WHAT IS BEING ASKED: In the listing below, find the line with "BOBISUKA Light Green" and copy every line from there up to and including the line with "In the toolkit", exactly and without pictures.

RECORD EXCERPTS:

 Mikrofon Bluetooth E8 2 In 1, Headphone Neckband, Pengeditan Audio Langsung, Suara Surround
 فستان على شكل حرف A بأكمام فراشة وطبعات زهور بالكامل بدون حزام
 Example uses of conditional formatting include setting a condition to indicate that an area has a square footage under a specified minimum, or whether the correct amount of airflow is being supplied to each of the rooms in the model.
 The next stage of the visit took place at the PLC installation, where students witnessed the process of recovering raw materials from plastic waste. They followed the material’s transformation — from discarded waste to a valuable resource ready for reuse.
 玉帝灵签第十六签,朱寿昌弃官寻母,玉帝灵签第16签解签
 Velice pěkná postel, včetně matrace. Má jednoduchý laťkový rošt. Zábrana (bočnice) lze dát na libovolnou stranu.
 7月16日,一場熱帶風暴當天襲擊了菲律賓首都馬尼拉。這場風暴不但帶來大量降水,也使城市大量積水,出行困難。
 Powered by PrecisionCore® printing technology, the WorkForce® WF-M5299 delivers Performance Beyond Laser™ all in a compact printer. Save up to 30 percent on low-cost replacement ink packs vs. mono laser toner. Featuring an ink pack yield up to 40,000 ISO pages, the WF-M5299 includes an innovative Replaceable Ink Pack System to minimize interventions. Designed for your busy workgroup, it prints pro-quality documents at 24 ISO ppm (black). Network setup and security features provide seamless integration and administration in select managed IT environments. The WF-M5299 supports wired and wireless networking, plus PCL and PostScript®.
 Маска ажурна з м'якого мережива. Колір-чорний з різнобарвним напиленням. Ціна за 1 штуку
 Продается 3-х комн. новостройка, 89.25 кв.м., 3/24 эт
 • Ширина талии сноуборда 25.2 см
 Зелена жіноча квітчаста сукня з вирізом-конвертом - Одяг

==

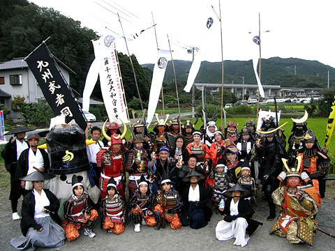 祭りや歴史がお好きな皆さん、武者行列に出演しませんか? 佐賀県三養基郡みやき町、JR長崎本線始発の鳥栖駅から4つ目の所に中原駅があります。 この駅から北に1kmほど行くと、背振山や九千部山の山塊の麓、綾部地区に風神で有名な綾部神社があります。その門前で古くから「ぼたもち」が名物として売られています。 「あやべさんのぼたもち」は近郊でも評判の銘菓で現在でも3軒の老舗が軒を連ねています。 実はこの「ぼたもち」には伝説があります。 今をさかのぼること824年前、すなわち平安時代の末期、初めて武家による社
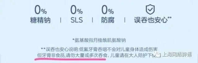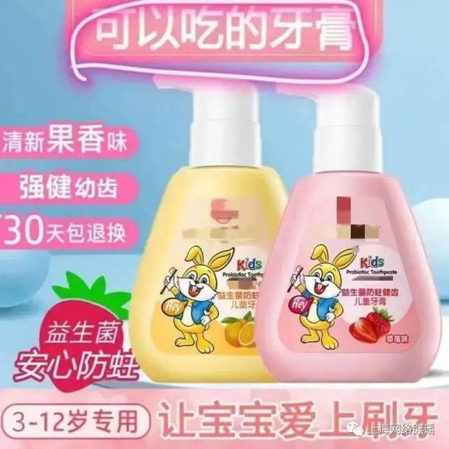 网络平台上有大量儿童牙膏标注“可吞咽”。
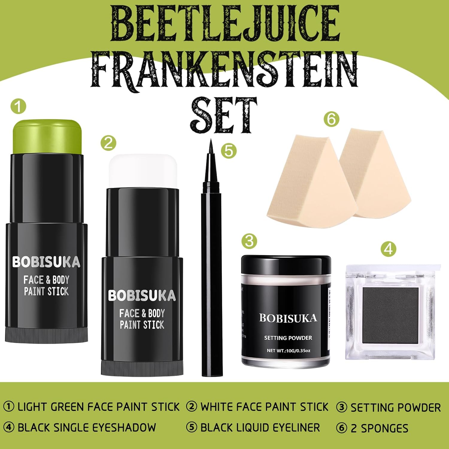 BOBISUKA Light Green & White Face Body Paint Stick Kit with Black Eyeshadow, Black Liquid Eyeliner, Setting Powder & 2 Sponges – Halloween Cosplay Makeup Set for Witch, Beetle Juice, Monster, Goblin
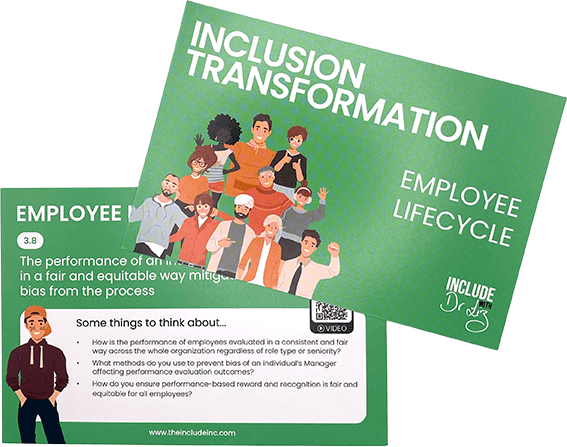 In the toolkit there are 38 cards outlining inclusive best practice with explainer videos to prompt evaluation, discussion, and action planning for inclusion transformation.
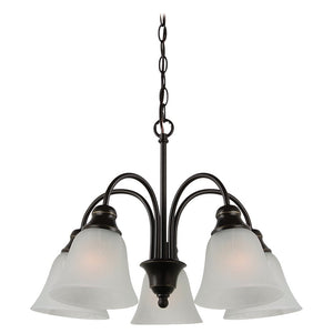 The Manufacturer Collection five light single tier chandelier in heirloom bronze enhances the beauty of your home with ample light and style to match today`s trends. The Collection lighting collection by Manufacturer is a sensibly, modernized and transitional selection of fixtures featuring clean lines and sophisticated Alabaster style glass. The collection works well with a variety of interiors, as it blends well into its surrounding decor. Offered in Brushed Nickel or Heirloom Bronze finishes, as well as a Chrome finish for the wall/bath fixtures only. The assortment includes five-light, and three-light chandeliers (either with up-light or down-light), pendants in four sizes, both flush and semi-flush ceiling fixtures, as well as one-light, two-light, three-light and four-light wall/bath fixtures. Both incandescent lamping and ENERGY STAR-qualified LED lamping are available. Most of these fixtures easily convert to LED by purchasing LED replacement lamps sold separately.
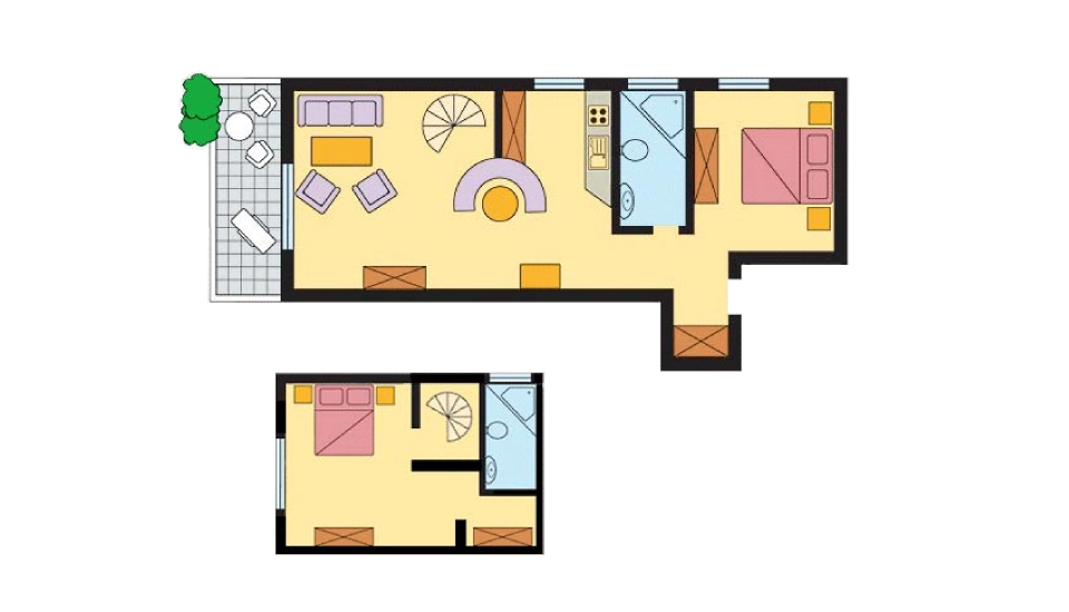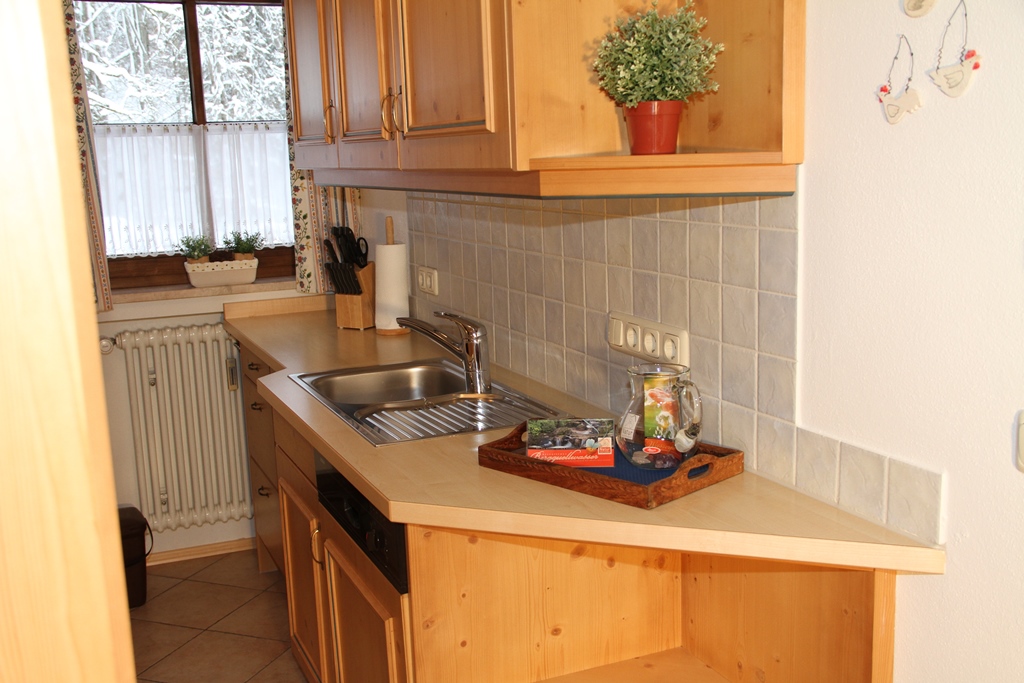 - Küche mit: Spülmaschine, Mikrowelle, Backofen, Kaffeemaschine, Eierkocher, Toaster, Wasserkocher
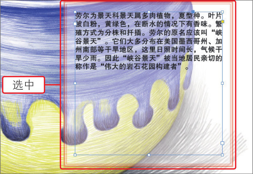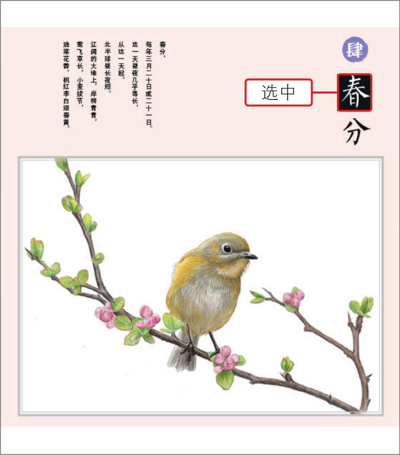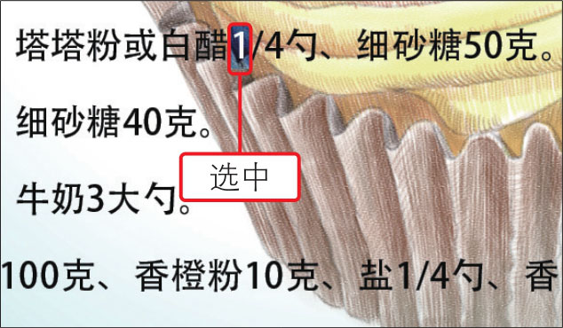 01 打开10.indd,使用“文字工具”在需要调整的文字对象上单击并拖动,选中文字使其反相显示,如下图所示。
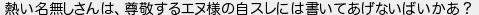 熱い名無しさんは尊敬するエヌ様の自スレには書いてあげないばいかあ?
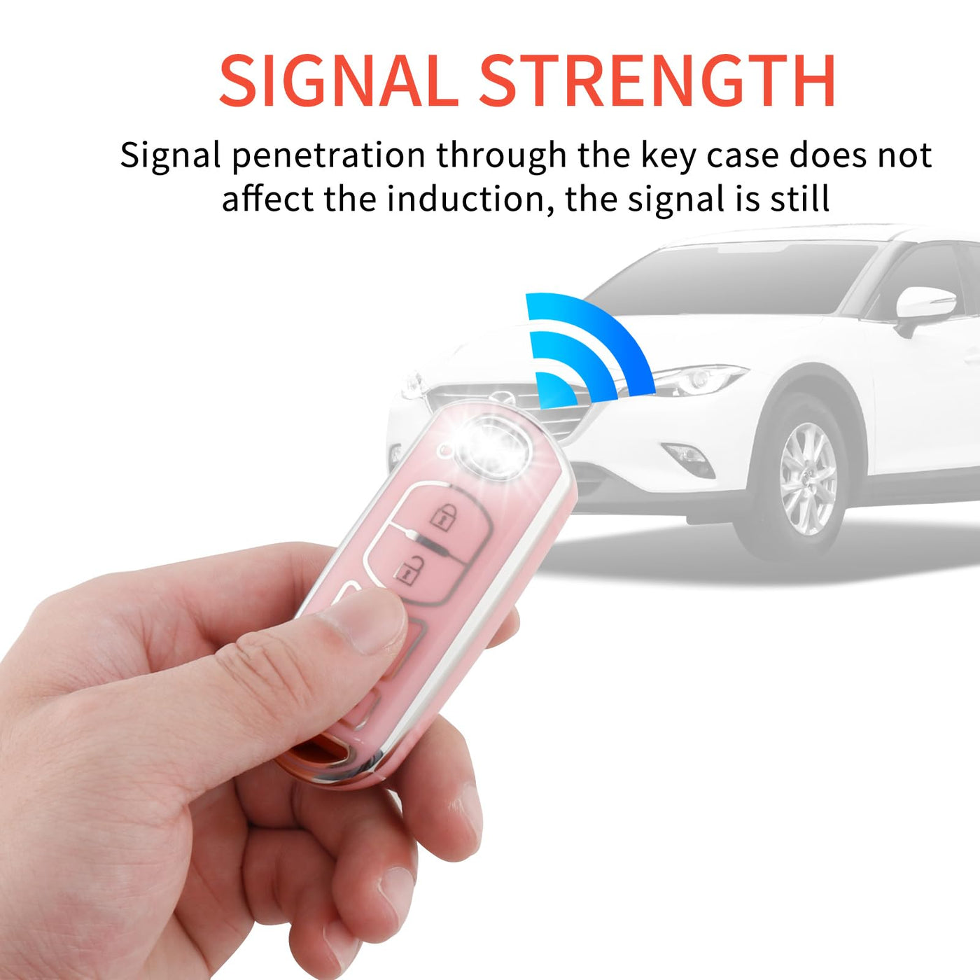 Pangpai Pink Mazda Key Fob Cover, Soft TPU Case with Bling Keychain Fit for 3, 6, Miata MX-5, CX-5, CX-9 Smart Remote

ANSWER SECTION:
 BOBISUKA Light Green & White Face Body Paint Stick Kit with Black Eyeshadow, Black Liquid Eyeliner, Setting Powder & 2 Sponges – Halloween Cosplay Makeup Set for Witch, Beetle Juice, Monster, Goblin
 In the toolkit there are 38 cards outlining inclusive best practice with explainer videos to prompt evaluation, discussion, and action planning for inclusion transformation.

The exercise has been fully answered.